THE TASK
Nothing but an exact copy is asked for: the lines in the material below from the one with "kompletter Kaminumbau aus" through the one with "还有丰富多彩的旅行和度假照片", pictures excluded.

GIVEN INFORMATION
*** Begin section ***
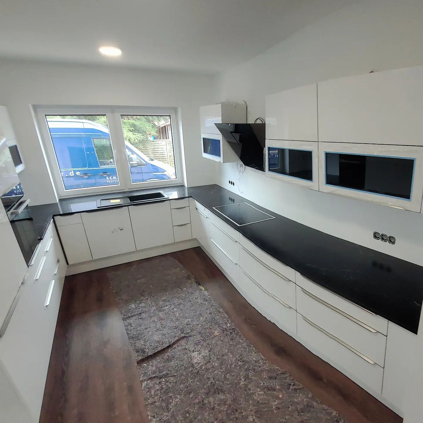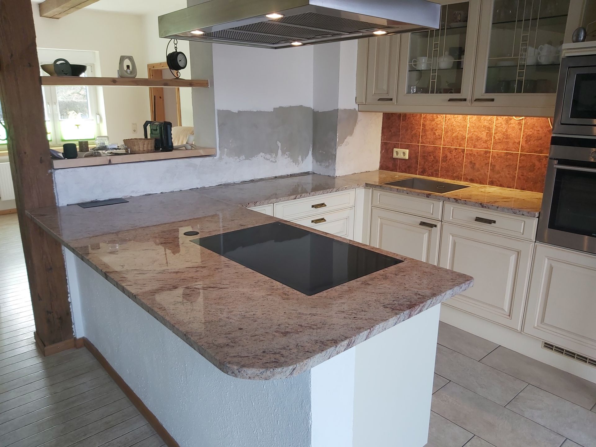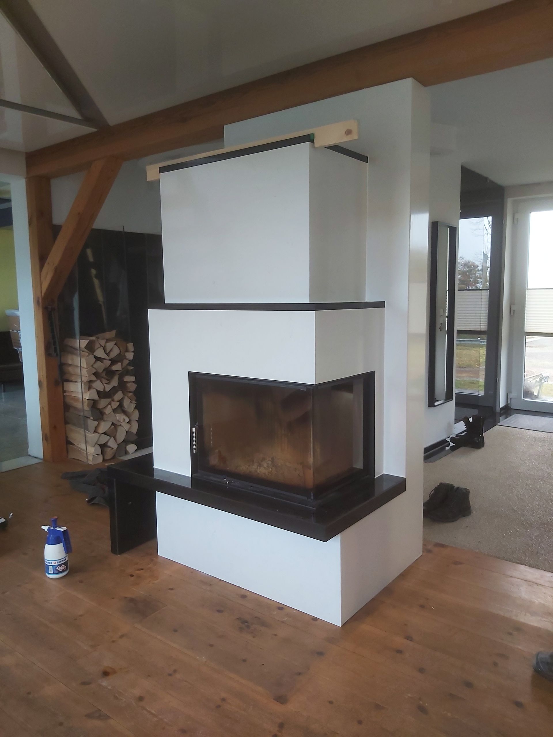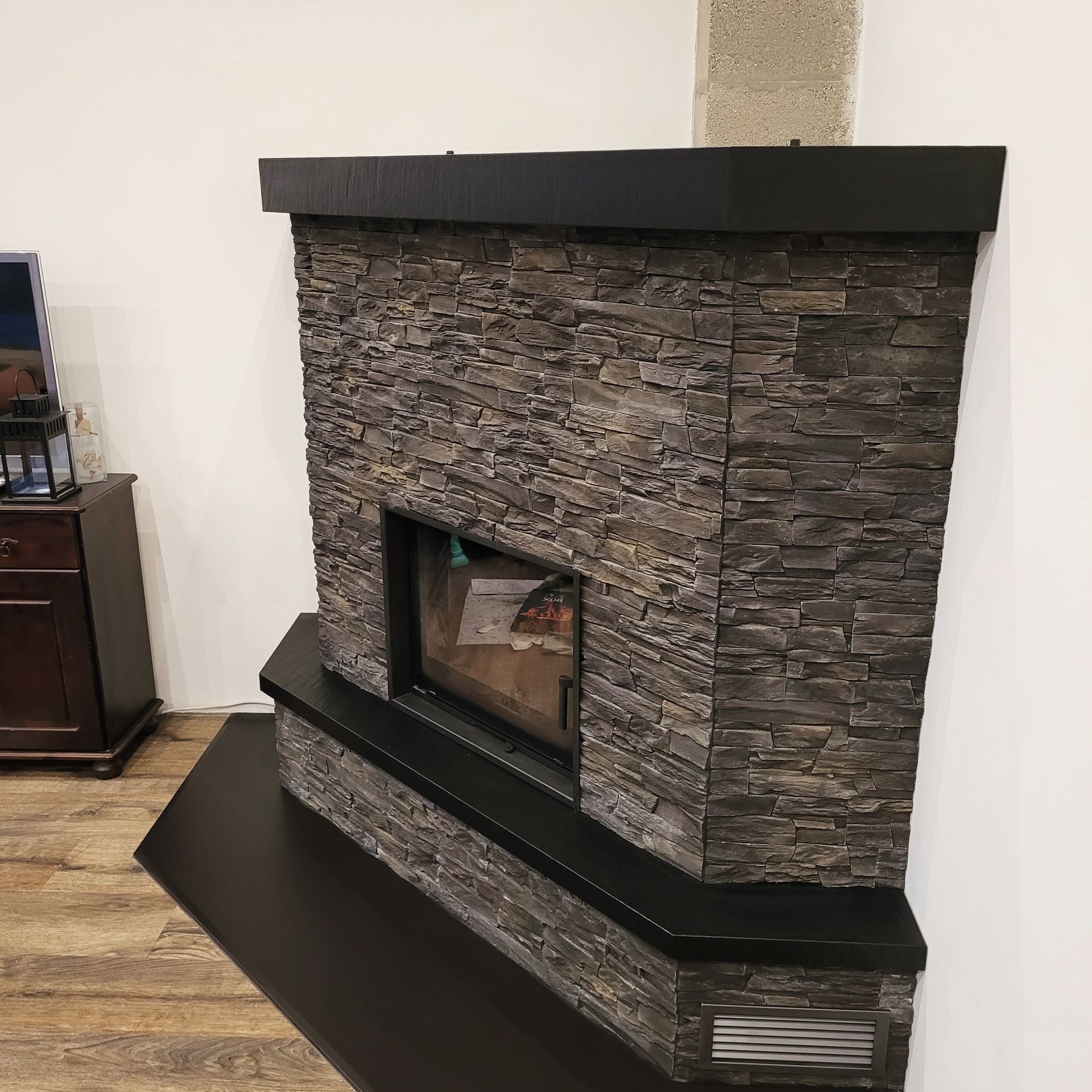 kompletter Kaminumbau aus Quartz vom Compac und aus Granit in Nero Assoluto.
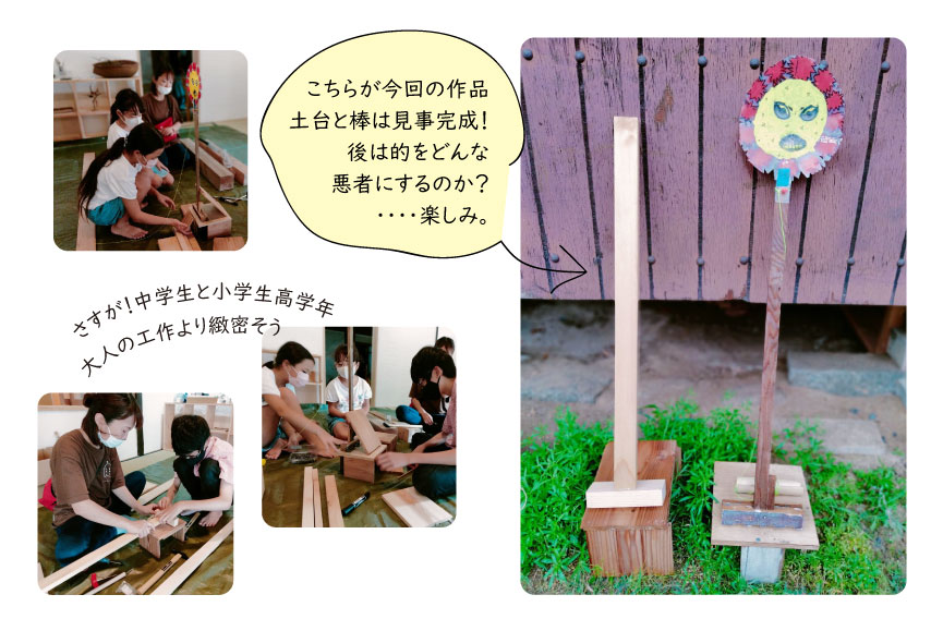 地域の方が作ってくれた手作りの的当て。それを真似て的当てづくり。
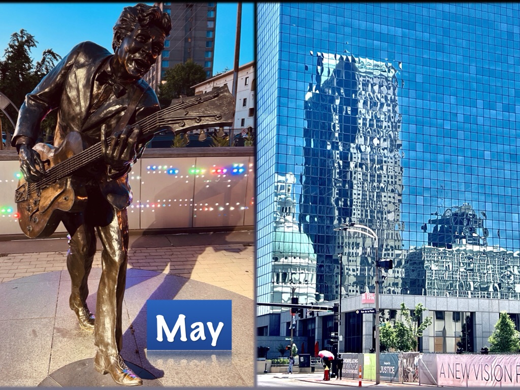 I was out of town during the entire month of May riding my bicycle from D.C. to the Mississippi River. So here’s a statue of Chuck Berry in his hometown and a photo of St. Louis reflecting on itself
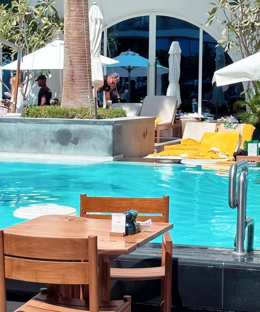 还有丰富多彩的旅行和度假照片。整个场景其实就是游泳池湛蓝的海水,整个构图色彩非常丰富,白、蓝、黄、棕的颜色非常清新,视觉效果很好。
*** End section ***
*** Begin section ***
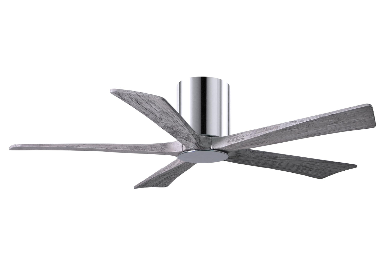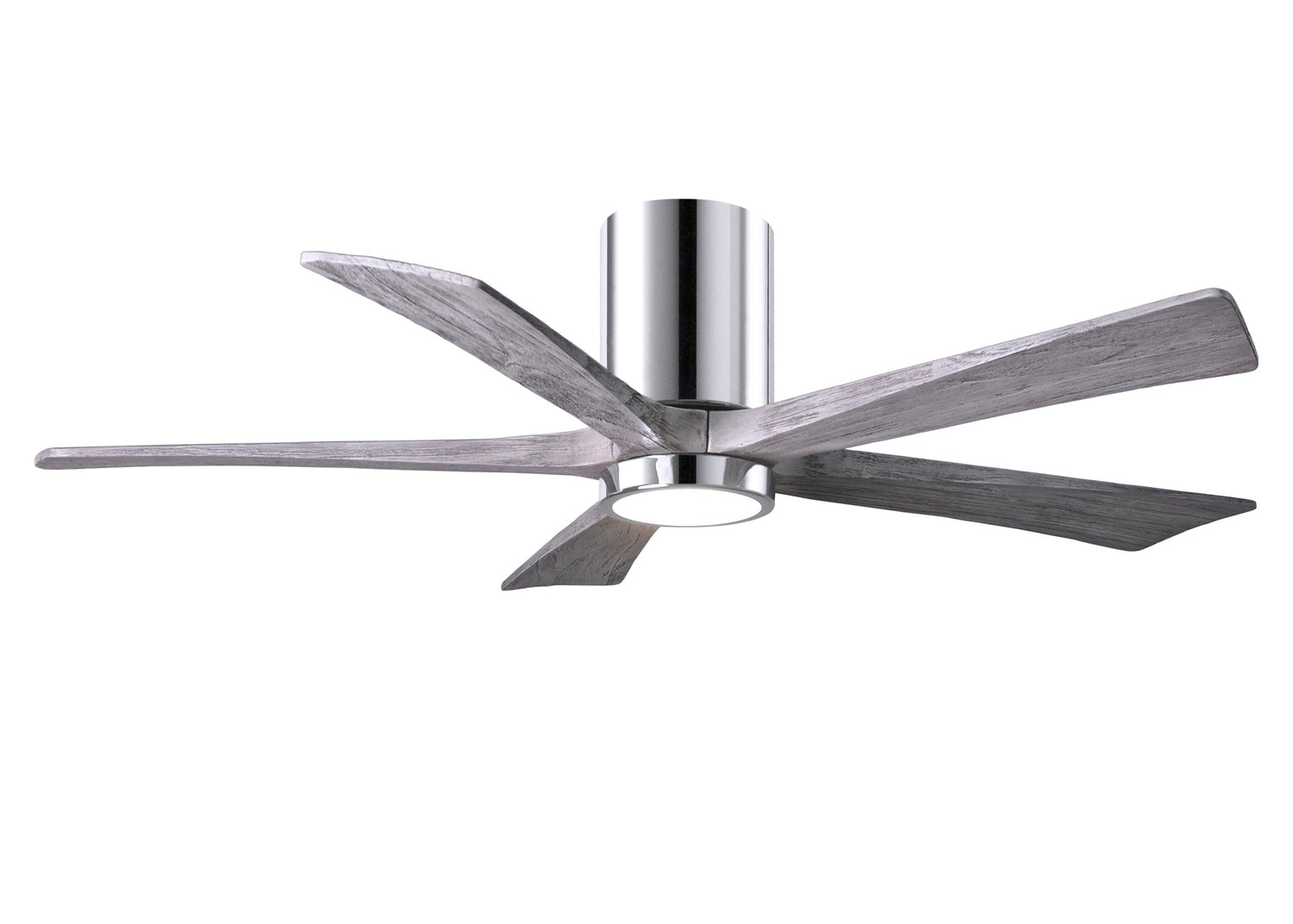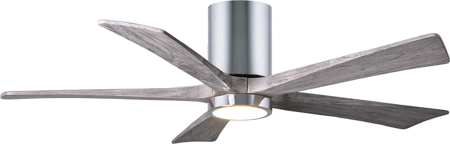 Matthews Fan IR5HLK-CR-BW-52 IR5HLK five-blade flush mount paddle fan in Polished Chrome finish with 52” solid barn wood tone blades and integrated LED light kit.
*** End section ***
SOLUTION TO THIS PROBLEM
 kompletter Kaminumbau aus Quartz vom Compac und aus Granit in Nero Assoluto.
 地域の方が作ってくれた手作りの的当て。それを真似て的当てづくり。
 I was out of town during the entire month of May riding my bicycle from D.C. to the Mississippi River. So here’s a statue of Chuck Berry in his hometown and a photo of St. Louis reflecting on itself
 还有丰富多彩的旅行和度假照片。整个场景其实就是游泳池湛蓝的海水,整个构图色彩非常丰富,白、蓝、黄、棕的颜色非常清新,视觉效果很好。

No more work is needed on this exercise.